In 2013, pro-life Republican Congresswoman Jaime Herrera Beutler announced that the baby girl she and her husband Daniel were expecting had been diagnosed with Potter’s Syndrome. The condition is caused by impaired kidney function. Low amniotic fluid means the lungs don’t develop properly, so the condition has been considered fatal. The couple was advised to abort their daughter, but they refused.
Today, that baby girl is a happy three-year-old.
After learning of the diagnosis, Herrera Beutler asked for prayers, which the family received from across the country. However, that prayer request also brought out the darker side of abortion backers who expected her to ditch her pro-life views in favor of aborting her child. They expected the Congresswoman to spare herself the pain of giving birth to a child who would likely die, and didn’t hold back in their heartless comments:
— Oh goody… and she’s GOP…. let’s all watch this one develop. Let’s see if she follows the party line ….
– Abort the baby. Wait a few months. Get pregnant again. This is not a big deal.
— Why not be proactive and get an abortion?
— She should just go to a Planned Parenthood and be done with “it”, after all, it’s not a human yet.
– I laugh at her in that her political ideology has her in a corner I would wish nobody in.
Rather than give up on their daughter, the couple became her biggest advocates. A parent who had faced a similar situation connected them with doctors at Johns Hopkins who were willing to try an unproven treatment called amnioinfusion. On a weekly basis, infusions would be given to Herrera Beutler to increase the amniotic fluid and give Abigail’s lungs a chance to develop.
“As soon as fluid was introduced to her face you could watch her chest fluctuate in and out. She was practice breathing,” Dan Beutler told KOIN local news.

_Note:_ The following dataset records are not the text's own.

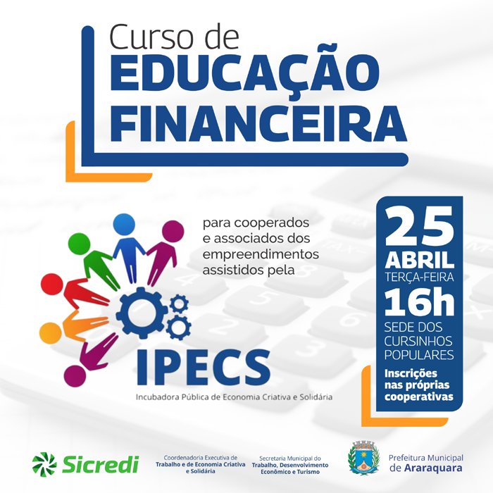 A Coordenadoria Executiva do Trabalho e de Economia Criativa e Solidária, vinculada à Secretaria do Trabalho, Desenvolvimento Econômico e Turismo, através da Incubadora Pública de Economia Criativa e Solidária de Araraquara (IPECS), em parceria com o Sicredi Araraquara, oferecerá um curso de educação financeira aos cooperados e associados dos empreendimentos assistidos.
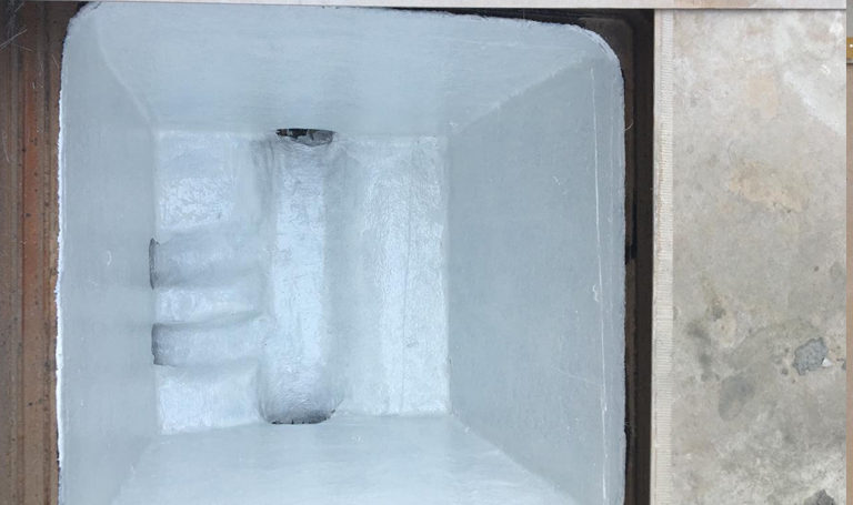 GRP is an excellent lining system is compared to coatings such as expoxies and urethanes, due to the way the system is applied and thickness to which it is applied. It is applied in sheets rather the wallpapering and the advantage GRP has over coatings is that it will cover cracks and even large holes. Expoxies are painted on at thickness of around 0.5mm. It is possible to cover defects and uneven substrates with a minimum of 3mm thickness, giving a very strong but still flexible costing.
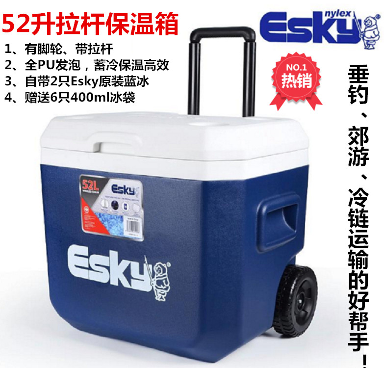 Esky insulation box 52L trolley insulation box refrigerator car insulation box camping cold chain send 2 ice blocks
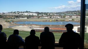 Originally scheduled for Thursday Nov. 21, the Del Mar Thoroughbred Club officials announced suspension out of caution for the horses’ safety as the forecasted rain would likely make the Del Mar Fairgrounds’ dirt and grass tracks unsuitable for racing. This would be the first closure of the track in their 88 year history! Fortunately, 95% of the scheduled attendees were able to attend on Friday Nov 22nd; from downpours Thursday to Blue Skies Friday – made for a beautiful day. Beverages and conversation started flowing at 11 a.m., lunch was served at 11:30, first post was 12:30 p.m., betting was active, and cheering for favorite horses was lively and loud.

After five weeks of infusions, Herrera Beutler went into preterm labor — a risk with amnioinfusion — at just 28 weeks in July 2013. Doctors weren’t hopeful that the baby would survive.
“Someone said ‘Look down at your baby,'” Herrera Beutler said. “We looked. She looked up at us, tiny, 2 pounds, 12 ounces. She looked up at us and she opened [her] mouth drew a breath, then cried. And that doesn’t happen if your lungs can’t breathe.”

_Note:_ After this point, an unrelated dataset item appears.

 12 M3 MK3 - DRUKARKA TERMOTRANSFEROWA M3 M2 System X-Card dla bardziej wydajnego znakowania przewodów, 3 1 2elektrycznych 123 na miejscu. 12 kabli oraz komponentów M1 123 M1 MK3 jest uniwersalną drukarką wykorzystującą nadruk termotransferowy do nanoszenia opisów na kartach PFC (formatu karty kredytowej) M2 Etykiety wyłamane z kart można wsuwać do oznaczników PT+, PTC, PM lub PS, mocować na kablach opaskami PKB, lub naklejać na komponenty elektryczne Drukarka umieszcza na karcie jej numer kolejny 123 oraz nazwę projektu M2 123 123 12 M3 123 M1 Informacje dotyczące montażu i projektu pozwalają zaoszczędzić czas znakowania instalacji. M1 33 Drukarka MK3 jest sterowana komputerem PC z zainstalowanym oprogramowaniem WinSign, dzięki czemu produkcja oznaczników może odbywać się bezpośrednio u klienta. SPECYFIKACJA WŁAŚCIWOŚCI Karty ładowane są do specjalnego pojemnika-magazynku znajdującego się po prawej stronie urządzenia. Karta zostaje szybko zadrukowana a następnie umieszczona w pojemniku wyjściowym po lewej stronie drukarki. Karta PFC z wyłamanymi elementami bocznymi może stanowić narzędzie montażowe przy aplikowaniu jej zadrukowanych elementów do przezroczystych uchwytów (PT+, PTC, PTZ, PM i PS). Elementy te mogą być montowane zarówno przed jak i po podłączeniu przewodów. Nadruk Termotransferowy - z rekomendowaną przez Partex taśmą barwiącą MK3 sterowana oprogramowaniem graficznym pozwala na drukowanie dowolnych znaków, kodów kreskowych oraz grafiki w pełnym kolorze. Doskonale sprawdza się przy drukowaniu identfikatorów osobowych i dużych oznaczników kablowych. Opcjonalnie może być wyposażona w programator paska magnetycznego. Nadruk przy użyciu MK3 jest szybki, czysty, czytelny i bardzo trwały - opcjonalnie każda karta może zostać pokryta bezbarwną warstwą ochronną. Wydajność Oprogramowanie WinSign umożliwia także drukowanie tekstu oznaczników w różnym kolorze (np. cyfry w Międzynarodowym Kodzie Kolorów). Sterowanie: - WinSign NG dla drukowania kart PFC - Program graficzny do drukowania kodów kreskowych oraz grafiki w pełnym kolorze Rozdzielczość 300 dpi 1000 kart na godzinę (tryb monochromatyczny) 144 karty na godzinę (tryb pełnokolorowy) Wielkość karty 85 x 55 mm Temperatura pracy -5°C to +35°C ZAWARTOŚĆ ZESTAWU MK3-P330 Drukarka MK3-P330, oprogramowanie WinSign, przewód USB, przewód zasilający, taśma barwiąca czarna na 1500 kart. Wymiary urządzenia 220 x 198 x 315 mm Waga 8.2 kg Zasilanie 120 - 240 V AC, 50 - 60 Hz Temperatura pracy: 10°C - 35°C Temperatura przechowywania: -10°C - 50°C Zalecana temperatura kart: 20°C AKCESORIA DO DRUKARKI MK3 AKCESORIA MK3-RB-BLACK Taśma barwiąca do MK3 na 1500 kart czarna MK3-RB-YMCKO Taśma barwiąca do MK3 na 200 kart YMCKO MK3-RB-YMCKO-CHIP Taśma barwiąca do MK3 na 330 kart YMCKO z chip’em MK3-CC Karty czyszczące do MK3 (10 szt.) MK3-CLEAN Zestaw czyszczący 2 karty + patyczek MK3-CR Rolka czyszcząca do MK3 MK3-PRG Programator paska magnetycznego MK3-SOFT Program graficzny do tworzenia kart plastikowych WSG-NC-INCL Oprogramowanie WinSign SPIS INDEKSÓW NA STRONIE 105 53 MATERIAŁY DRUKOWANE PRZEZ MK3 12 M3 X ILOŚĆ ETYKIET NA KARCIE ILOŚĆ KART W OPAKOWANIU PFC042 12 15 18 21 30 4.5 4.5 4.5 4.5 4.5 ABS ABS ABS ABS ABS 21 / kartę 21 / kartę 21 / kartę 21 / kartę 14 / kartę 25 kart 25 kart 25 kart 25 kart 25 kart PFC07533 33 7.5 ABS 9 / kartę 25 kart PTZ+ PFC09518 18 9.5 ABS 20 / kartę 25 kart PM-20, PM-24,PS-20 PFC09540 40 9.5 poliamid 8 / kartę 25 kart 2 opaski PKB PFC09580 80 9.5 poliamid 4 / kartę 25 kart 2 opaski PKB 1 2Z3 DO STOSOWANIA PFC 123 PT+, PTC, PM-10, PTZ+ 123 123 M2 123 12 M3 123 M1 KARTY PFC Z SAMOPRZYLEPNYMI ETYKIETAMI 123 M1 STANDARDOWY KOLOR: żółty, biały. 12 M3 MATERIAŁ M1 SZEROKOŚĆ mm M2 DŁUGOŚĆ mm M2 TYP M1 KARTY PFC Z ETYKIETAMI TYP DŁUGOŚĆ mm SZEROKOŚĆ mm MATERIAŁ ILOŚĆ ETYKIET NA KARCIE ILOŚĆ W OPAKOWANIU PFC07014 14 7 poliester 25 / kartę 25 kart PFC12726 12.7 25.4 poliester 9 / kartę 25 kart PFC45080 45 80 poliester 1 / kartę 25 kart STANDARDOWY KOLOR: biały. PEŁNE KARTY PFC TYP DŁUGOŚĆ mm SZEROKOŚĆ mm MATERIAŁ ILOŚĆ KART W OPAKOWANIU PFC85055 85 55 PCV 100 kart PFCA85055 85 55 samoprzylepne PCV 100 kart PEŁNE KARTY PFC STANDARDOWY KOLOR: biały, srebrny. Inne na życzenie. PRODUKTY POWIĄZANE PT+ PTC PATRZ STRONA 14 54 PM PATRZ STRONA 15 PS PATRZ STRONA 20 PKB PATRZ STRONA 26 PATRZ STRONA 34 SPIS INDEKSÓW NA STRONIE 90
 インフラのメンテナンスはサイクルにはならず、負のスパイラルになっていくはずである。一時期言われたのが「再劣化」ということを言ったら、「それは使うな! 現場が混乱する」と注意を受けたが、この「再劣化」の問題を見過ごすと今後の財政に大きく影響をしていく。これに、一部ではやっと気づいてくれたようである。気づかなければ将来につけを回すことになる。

The little girl received surgery and dialysis and was stable within days after birth. At the time, she was the only known survivor of Potter’s Syndrome.

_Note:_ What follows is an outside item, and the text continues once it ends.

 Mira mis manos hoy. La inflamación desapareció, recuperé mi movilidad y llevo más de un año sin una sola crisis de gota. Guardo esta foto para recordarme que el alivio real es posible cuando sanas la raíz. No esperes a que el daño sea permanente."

Her father put law school on hold to take care of her while her mother returned to work as a congresswoman. Then, in February 2016, Dan Beutler gave his daughter the ultimate gift — a kidney. The surgery was a success, and Abigail is now a thriving little girl.
“She’s amazing, hilarious. She’s intelligent,” said her mother.
The couple wants other parents to know that they should never stop advocating for their children and never give up. Innovative medical treatments continue to be discovered, and new research is constantly finding ways to save children with previously fatal diagnoses. (See Baby Jude’s story for another example.)
“Trust your gut and don’t be afraid to raise those questions and advocate and find the doctor who will partner with you,” said Dan Beutler.
The family is not only celebrating the successful kidney transplant between father and daughter. In May of 2016, they welcomed their second child, a baby boy named Ethan. And in November, Herrera Beutler was reelected to a fourth term in Congress and therefore could have a hand in defunding Planned Parenthood.